VACPLUS SUCTION UNIT
K103535 · Apex Medical Corp. · JCX · Feb 24, 2011 · General, Plastic Surgery
Device Facts
| Record ID | K103535 |
| Device Name | VACPLUS SUCTION UNIT |
| Applicant | Apex Medical Corp. |
| Product Code | JCX · General, Plastic Surgery |
| Decision Date | Feb 24, 2011 |
| Decision | SESE |
| Submission Type | Traditional |
| Regulation | 21 CFR 878.4780 |
| Device Class | Class 2 |
| Attributes | Therapeutic |
Intended Use
The device is to be used to remove fluids from the treated tracheotomy patient airway.
Device Story
VacPlus is a portable AC/DC powered suction unit used to remove fluids from the airway of tracheotomy patients. The device consists of a pump unit, collection jar, bacteria filter, suction tubing, pressure gauge, and pressure adjustment knob. It is operated via an on/off switch and includes a remote controller. The device functions by generating suction to clear airway fluids, assisting in patient respiratory management. It is designed for portability, featuring a lightweight, compact form factor with an optional rechargeable battery for DC operation. Healthcare providers or caregivers use the device to maintain airway patency, directly impacting patient respiratory comfort and safety.
Clinical Evidence
Bench testing only. Testing included packaging, electrical safety, and performance testing per EN 60601-1, EN 60601-1-2, and EN/ISO 10079-1. A risk analysis of the system and its software was performed to validate overall operations. No clinical data was required as the device has no direct patient contact.

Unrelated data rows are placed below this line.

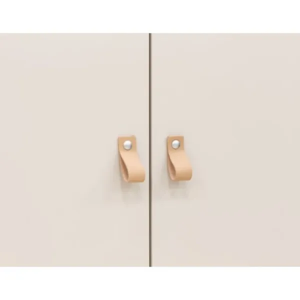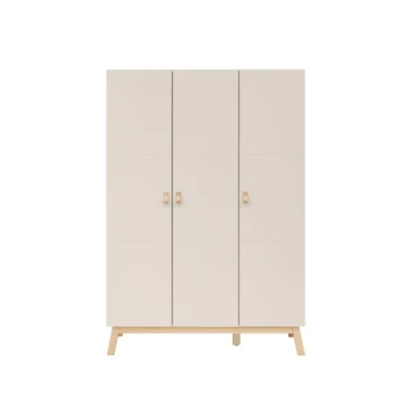 De Bopita 3-Deurskast – Lines – Dune / Naturel is een elegante en ruime opbergoplossing voor de kinderkamer. Met zijn stijlvolle combinatie van warme dune-tinten en naturel beuken accenten past deze kast moeiteloos in elk modern interieur. De schuingeplaatste poten geven het geheel een luchtige uitstraling, terwijl de horizontale groeven en leren handgrepen zorgen voor een verfijnde afwerking.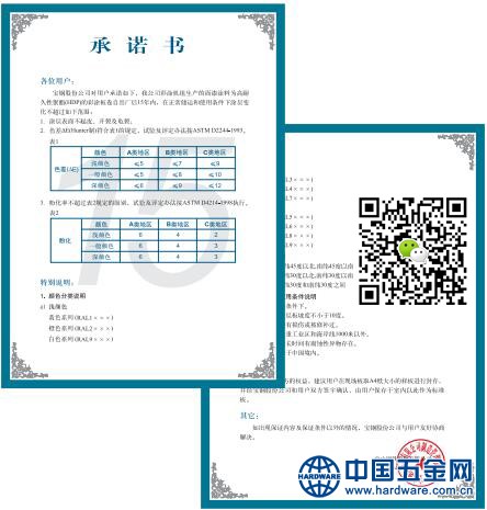 正宗的氟碳彩钢板,双面镀铝锌达到150克以上,或是双面热镀锌达到220克以上,正面涂层5+20um,反面5+6um以上钢厂一般可承诺20年的免维护使用质量,也就是在20年内不脱漆,不掉色,不龟列,不粉化,一般的环境氟碳彩钢卷使用30-40年是没问题的。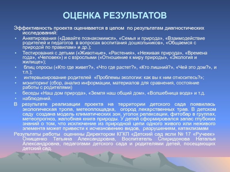 Результаты работы оценины Директором КГКП «Детский сад ясли № 17 «Ручеек» Онищенко Татьяна Александровна, Воспитатель Спиридонова Наталья Александровна, педагогами детского сада и родителями детей, посещающих детский сад.
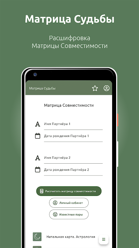 Matriks keserasian ialah penyahkodan nasib dua orang, yang menentukan sejauh mana mereka serasi antara satu sama lain dalam jangka masa panjang. Untuk mendapatkan matriks keserasian, aplikasi meminta data tentang dua orang: tarikh lahir mereka. Selepas itu, aplikasi mengira keserasian dua orang berdasarkan persamaan dan perbezaan nasib mereka.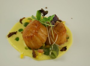 For the scallop I cold smoked U-10 sea scallops after making sure they were very dry. After lightly smoking, I seared them and then brushed them with a molasses glaze that was equal parts molasses and veal stock. The veal stock tames the sweetness and also adds a deeper, richer background flavor for the molasses.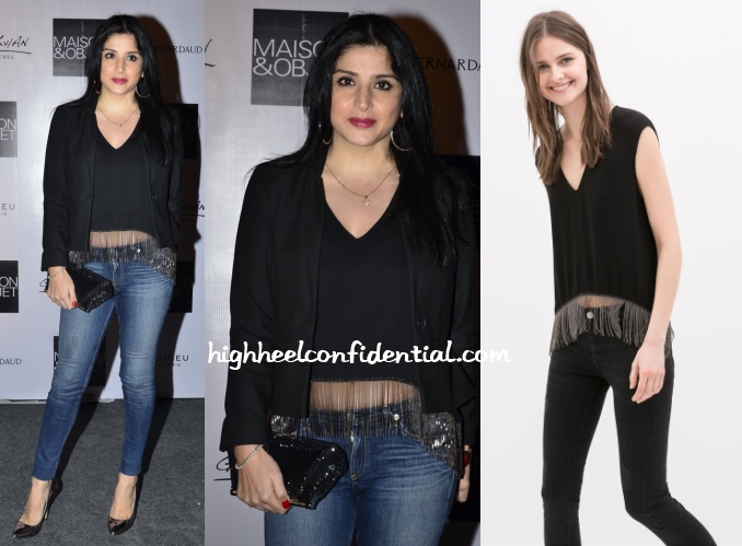 Maheep attended the Design Cell cocktail event keeping it casual (relatively) in a Zara fringe top, a cropped blazer and skinny denims.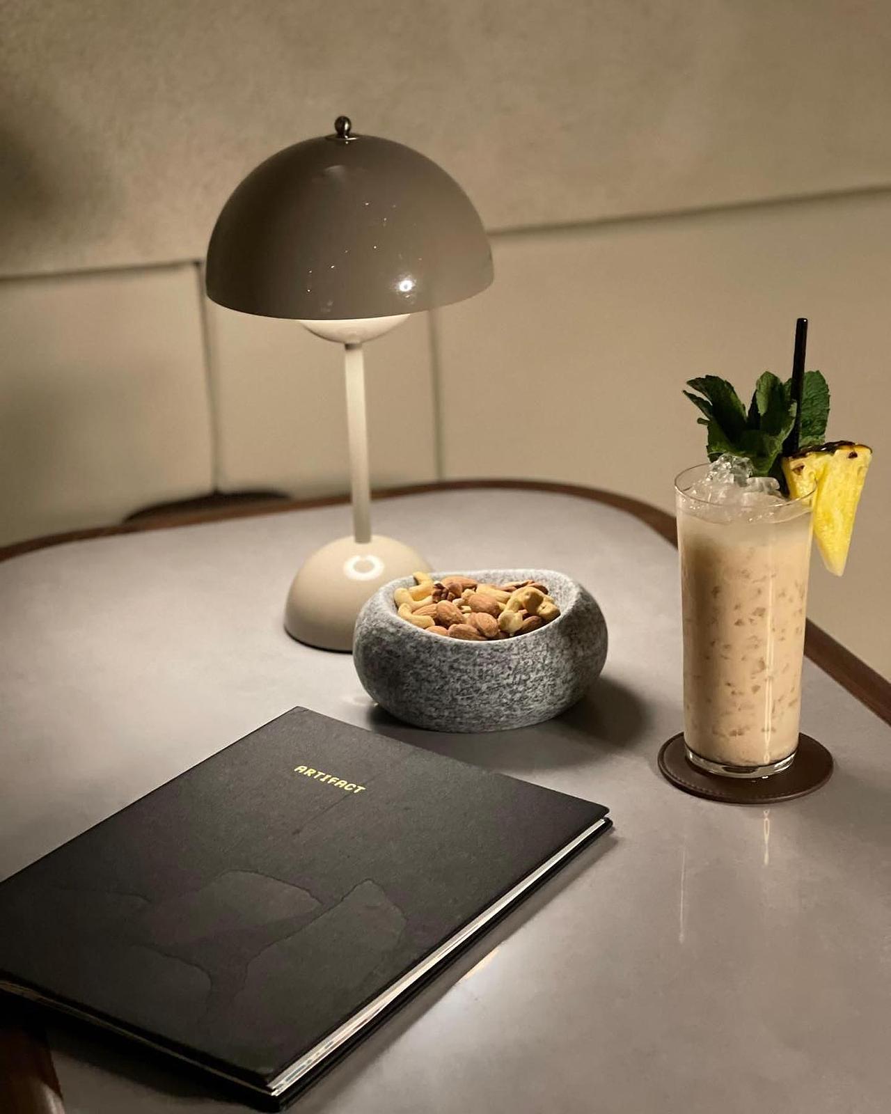 Hidden within the polished corridors of BaseHall 02, Artifact Bar Hong Kong feels almost engineered to slow you down. The project comes from the team behind Mosu Hong Kong, with chef Sung Anh applying his precise, almost scientific approach to flavor in a setting that is as considered as the drinks themselves. The space earned a Dezeen Award 2024 for Architectural Lighting Design of the Year, credited to Light Origin Studio and NC Design & Architecture. That detail matters the moment you step inside. Light is not decoration here, it is structure. It guides your eye across raw stone surfaces and brushed metal, shaping a room that feels calm yet sharply intentional. The cocktails follow the same logic. Expect compositions built around a single idea, executed with restraint and clarity. A drink might hinge on one ingredient explored through temperature, texture, and subtle acidity, each layer placed with quiet confidence. Nothing feels excessive, yet everything feels deliberate. Small plates echo the bar’s philosophy. Compact, technical, and quietly expressive, they reward attention without demanding it. Artifact attracts a certain kind of curiosity. The kind that enjoys asking what exactly is happening in the glass, and then taking a second sip to be sure.

Technological Characteristics
Powered suction pump; AC/DC operation; includes rechargeable battery, remote controller, collection jar, bacteria filter, and pressure gauge. Complies with EN 60601-1 (electrical safety), EN 60601-1-2 (EMC), and EN/ISO 10079-1 (suction equipment performance).
Indications for Use
Indicated for the removal of fluids from the airway of patients who have undergone a tracheotomy.
Regulatory Classification
Identification
A powered suction pump is a portable, AC-powered or compressed air-powered device intended to be used to remove infectious materials from wounds or fluids from a patient's airway or respiratory support system. The device may be used during surgery in the operating room or at the patient's bedside. The device may include a microbial filter.
Predicate Devices
- DeVilbiss Suction Unit, Model 7305P (K982304)
Related Devices
- K132308 — CLIQ DV-300 ASPIRATOR · Ding Hwa Co., Ltd. · Dec 30, 2013
- K080005 — SPARMAX ASPIRATOR, MODELS TC-2000V ND VC-701 · Ding Hwa Co., Ltd. · Apr 24, 2008
- K964997 — S-SCORT (2500) · Sscor · Mar 5, 1997
- K993668 — LAERDAL SUCTION UNIT,(4000) MODEL 78 00 20 · Laerdal Medical A/S · Dec 20, 1999
- K063448 — EMG AC/DC SUCTION UNIT · Emg Technology Co., Ltd. · Nov 30, 2006
Submission Summary (Full Text)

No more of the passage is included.